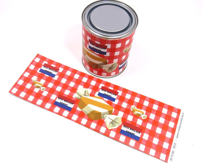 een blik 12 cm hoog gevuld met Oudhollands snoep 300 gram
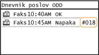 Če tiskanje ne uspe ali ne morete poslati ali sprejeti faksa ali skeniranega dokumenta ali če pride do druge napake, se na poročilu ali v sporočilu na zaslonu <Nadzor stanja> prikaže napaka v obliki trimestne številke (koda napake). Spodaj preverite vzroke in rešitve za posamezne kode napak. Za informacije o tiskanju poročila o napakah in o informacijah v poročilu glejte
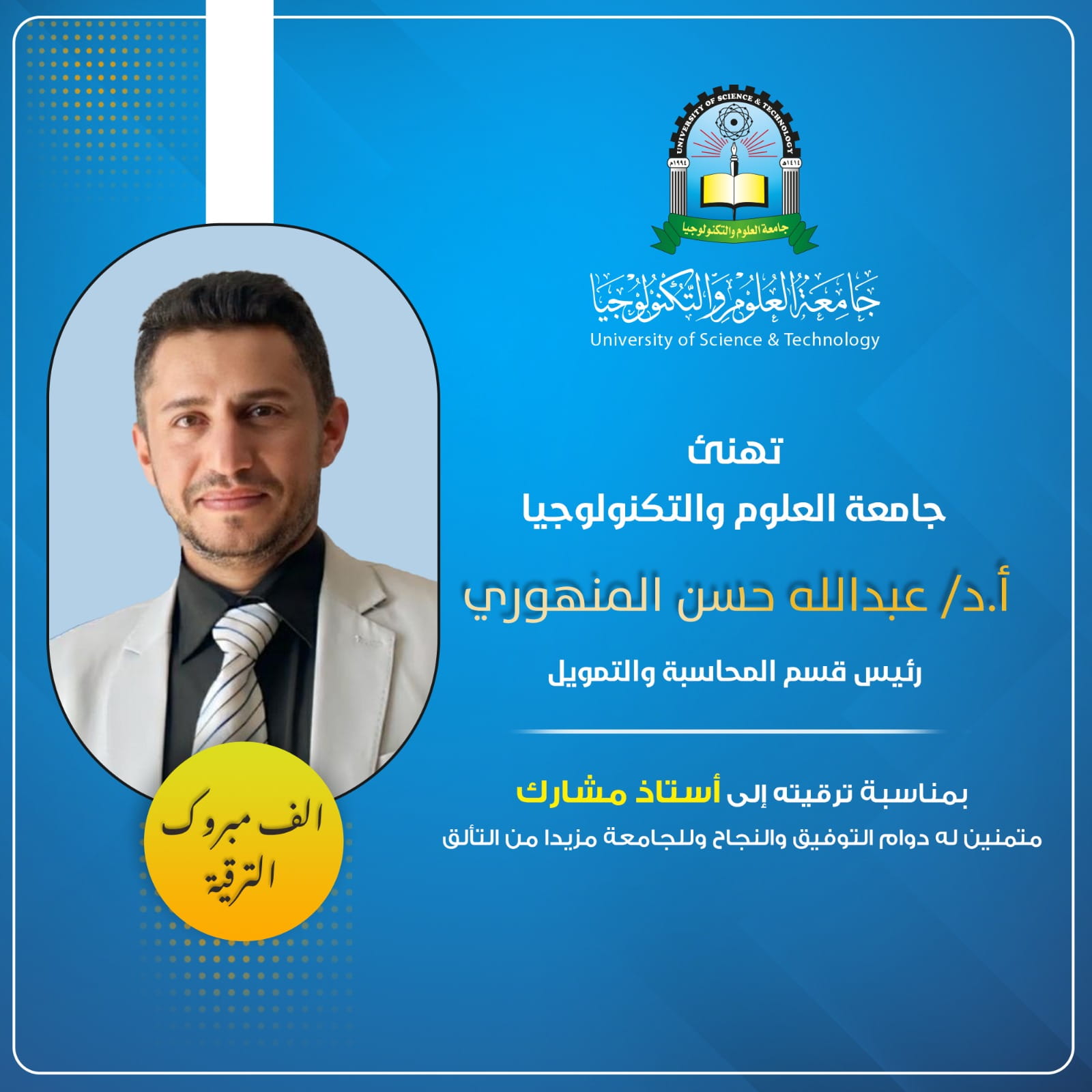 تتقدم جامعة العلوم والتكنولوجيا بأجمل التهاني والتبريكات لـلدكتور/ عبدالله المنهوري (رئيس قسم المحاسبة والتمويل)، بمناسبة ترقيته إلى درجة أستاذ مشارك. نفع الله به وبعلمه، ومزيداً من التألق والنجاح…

* * * *

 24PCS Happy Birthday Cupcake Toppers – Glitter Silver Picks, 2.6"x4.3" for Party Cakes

* * * *

> [Requirement]:
Here the job is to copy the stretch of records from the line containing "Če tiskanje ne" through the line containing "تتقدم جامعة العلوم", word for word. Leave every picture out.

> [Answer to this task]:
 Če tiskanje ne uspe ali ne morete poslati ali sprejeti faksa ali skeniranega dokumenta ali če pride do druge napake, se na poročilu ali v sporočilu na zaslonu <Nadzor stanja> prikaže napaka v obliki trimestne številke (koda napake). Spodaj preverite vzroke in rešitve za posamezne kode napak. Za informacije o tiskanju poročila o napakah in o informacijah v poročilu glejte
 تتقدم جامعة العلوم والتكنولوجيا بأجمل التهاني والتبريكات لـلدكتور/ عبدالله المنهوري (رئيس قسم المحاسبة والتمويل)، بمناسبة ترقيته إلى درجة أستاذ مشارك. نفع الله به وبعلمه، ومزيداً من التألق والنجاح…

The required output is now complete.